Memory Storyboard: Leveraging Temporal Segmentation for Streaming Self-Supervised Learning from Egocentric Videos

New York University

Abstract

Self-supervised learning holds the promise to learn good representations from real-world continuous uncurated data streams. However, most existing works in visual self-supervised learning focus on static images or artificial data streams. Towards exploring a more realistic learning substrate, we investigate streaming self-supervised learning from long-form real-world egocentric video streams. Inspired by the event segmentation mechanism in human perception and memory, we propose “Memory Storyboard” that groups recent past frames into temporal segments for more effective summarization of the past visual streams for memory replay. To accommodate efficient temporal segmentation, we propose a two-tier memory hierarchy: the recent past is stored in a short-term memory, and the storyboard temporal segments are then transferred to a long-term memory.
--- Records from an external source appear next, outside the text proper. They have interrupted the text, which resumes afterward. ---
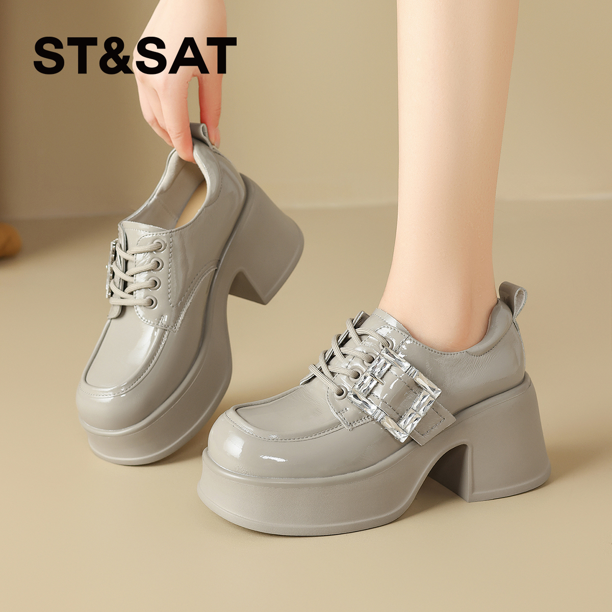 女鞋 单鞋 2025秋季 水钻粗跟小皮鞋 新款 星期六英伦风真皮厚底乐福鞋
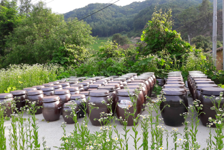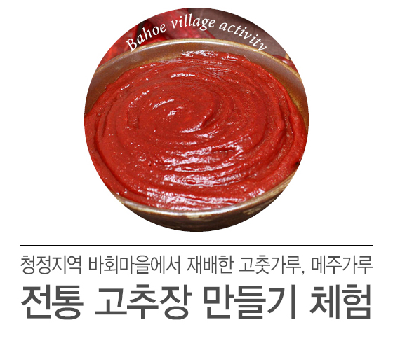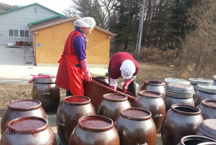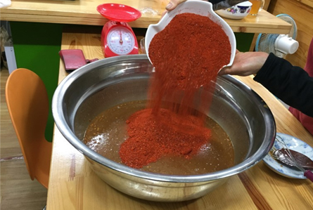 마을에서 직접 농사지은 고춧가루를 이용하여 고추장을 만든 후 용기에 담아 개별포장하여 가져갑니다.
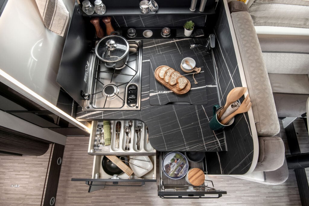 The kitchen combines stylish design and maximum functionality, offering a practical and pleasant environment. The large 158-litre compressor refrigerator is ideal for storing all your ingredients. The premium 2-burner hob and sink with invisible drain and integrated sponge holder ensure comfort and convenience when preparing meals.
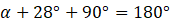 α jest jednym z kątów wewnętrznych trójkąta, którego jeden kat jest oparty na średnicy okręgu, więc jest kątem prostym, a drugi jest oparty na tym samym łuku co kąt 28°, więc ma także taką samą miarę.
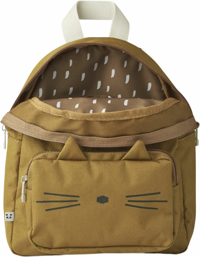 Super cool backpack for your child. The straps are adjustable and can be costumized as needed and even closes at the back for better comfort. The lining is in a cool contrast colour which makes every backpack unique. The backpacks are made of 100% recycled polyester and have our Liewood animals on the front pocket. Use the backpack for kindergarten stuff or for a weekend trip filled with toys. The backpack fits children aged 3-7 years. This backpack has a strap/buckle across the chest which is required in many kindergartens.
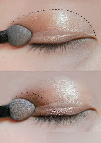 3、用淺棕色眼影從眼尾往眼頭的順序涂抹,然后在眼尾用棕色眼影加強。

Experiments on real-world egocentric video datasets including SAYCam and KrishnaCam show that contrastive learning objectives on top of storyboard frames result in semantically meaningful representations which outperform those produced by state-of-the-art unsupervised continual learning methods.

The Memory Storyboard Framework

Our proposed Memory Storyboard framework for streaming SSL from egocentric videos. Similar frames are being clustered into temporal segments and their labels (text information for illustration purpose only) are updated in the long-term memory buffer for replay. SSL involves contrastive learning at both the frame and temporal segment levels.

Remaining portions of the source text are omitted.